The Carmel River study (removal of 32-m-high San Clemente Dam in late 2015) was unique in being the first large dam removal in a Mediterranean hydroclimatic setting, and the first in which the river experienced large floods so soon post-dam-removal (two 10-year floods and a 30-year flood, about a year after removal). We (Harrison et al., ESPL) documented the importance of high flows in driving erosion of reservoir sediment and moving sediment downstream in a region where transport capacity is elevated only very episodically.
Removal of two large dams (64 m and 32 m high) on the Elwha River during 2011-2014 constitutes the largest dam removal to date in the U.S. In addition to restoring salmonid fish access to the watershed in Olympic National Park, dam removal is an unprecedented opportunity to study fluvial and coastal response to large-scale sediment influx. The Elwha program is a major focus for agencies including the USGS, National Park Service, Bureau of Reclamation, and the Lower Elwha Klallam Tribe, whose lands are part of the restoration area. I lead a USGS study of topography and sediment grain size on the lower Elwha River before, during, and after dam removal; our study here began in 2006, using field data and historical aerial photographs in the first comprehensive evaluation of how an anabranching, gravel-bed river responded to losing its upstream sediment supply through damming.
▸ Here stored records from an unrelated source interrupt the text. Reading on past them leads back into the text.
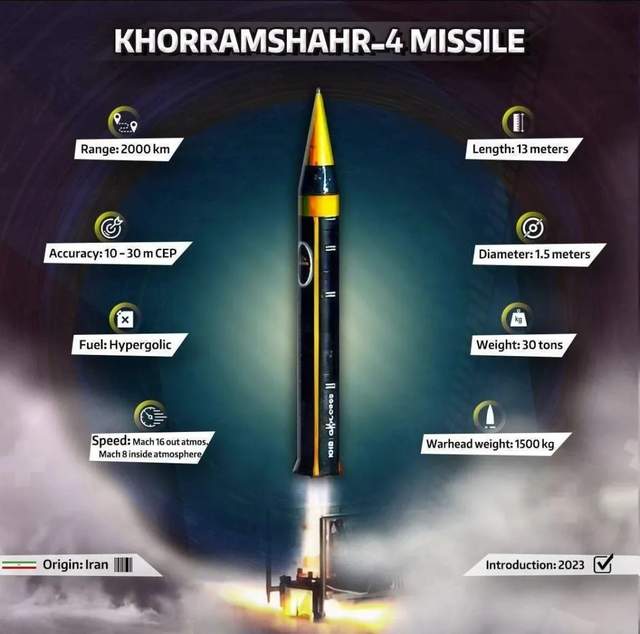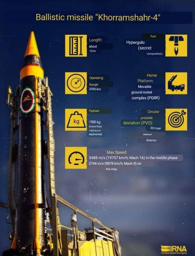 根據此前伊朗方面公佈的數據,“泥石”的正式名稱叫做“霍拉姆沙赫爾-4”(Khorramshahr-4)型中程彈道導彈(也稱“海巴爾”、“薩吉爾”),該導彈可攜帶1500公斤的彈頭打擊2000公里外的目標,使用自燃液體燃料,可實現12分鐘快速發射準備。
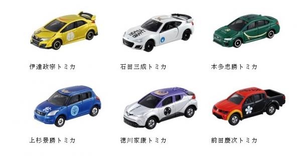 ※「伊達政宗トミカ」のみ、A4サイズ変形BOX型コレクションボックス付。他は通常トミカパッケージ。
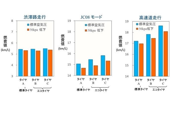 左図は、3種類のタイヤA,B,Cで、それぞれ標準空気圧状態と50kPa低下した空気圧のもとで、3種類の走行モード(渋滞路、JC08モード、高速道走行)で走行させた時の燃費を測定した結果。①の渋滞路走行では低速等の要因によりあまり差はあまり見られないものの、②のJC08モードと③の高速道走行では、タイヤの空気圧が下がった状態で燃費が明瞭に悪化。空気圧が低下した状態では、タイヤの本来のエコ性能が引き出せないことがわかりました。
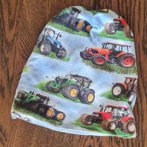 Selger to nærmest ubrukte luer i størrelse 50 samlet. Begge er i bomull. En grønn lue fra Bergans og en med traktormønster. Selges samlet for 75kr.
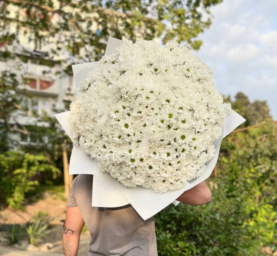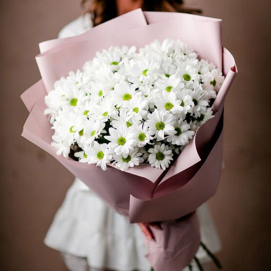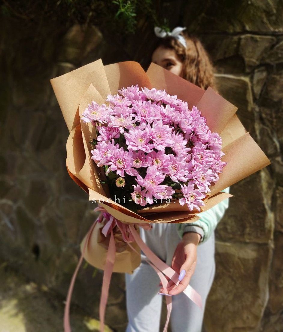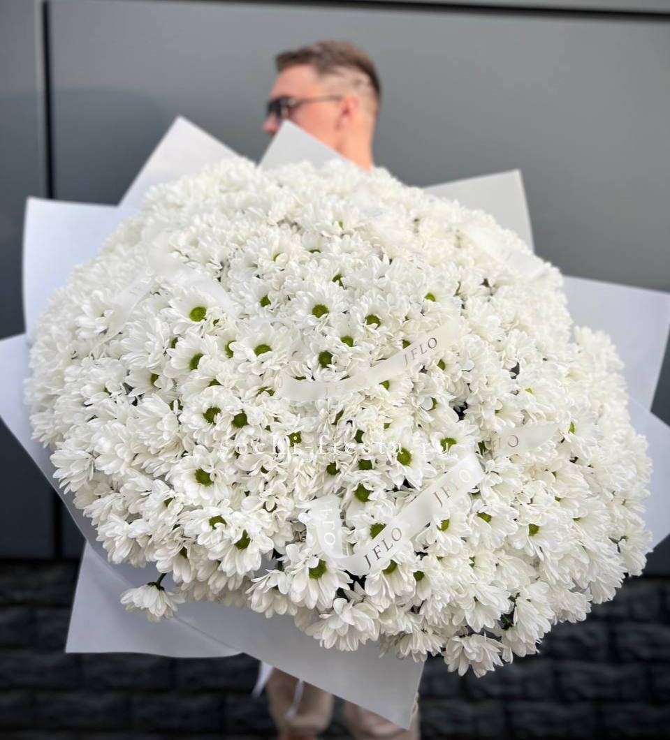 Семь пышных соцветий хризантемы с игривыми завитыми лепестками собраны в плотную композицию. Золотистый эвкалипт добавляет теплое мерцание и завершает образ. Яркий жест для тех, кто любит выразительные формы и живую энергию цветов.

We found that the Elwha River changed substantially as a result of dam removal, with geomorphic changes that were two- to ten-fold as large as those caused by a 40-year flood four years before dam removal. Over five years, the river moved more than 20 million tons of sediment out of the two former reservoirs, a sediment pulse comparable in scale to that caused by the 1980 Mount St. Helens volcanic eruption. On the Elwha River, 90% of the released sediment reached the river mouth, with only 10% stored in the fluvial system. The major disturbance (bed aggradation and major topographic changes) lasted a brief 5 months; given sufficient stream power, rivers can efficiently export sediment pulses from a dam removal of this size even without flood hydrology. This, and other findings from this project, will be important information for management decisions in future large dam removals. We identified significant differences in responses of this gravel-bed river to flows of various magnitude under high vs. low sediment supply, and use these results to proposed that the concept of a threshold stream power is likely untenable in gravel-bed rivers.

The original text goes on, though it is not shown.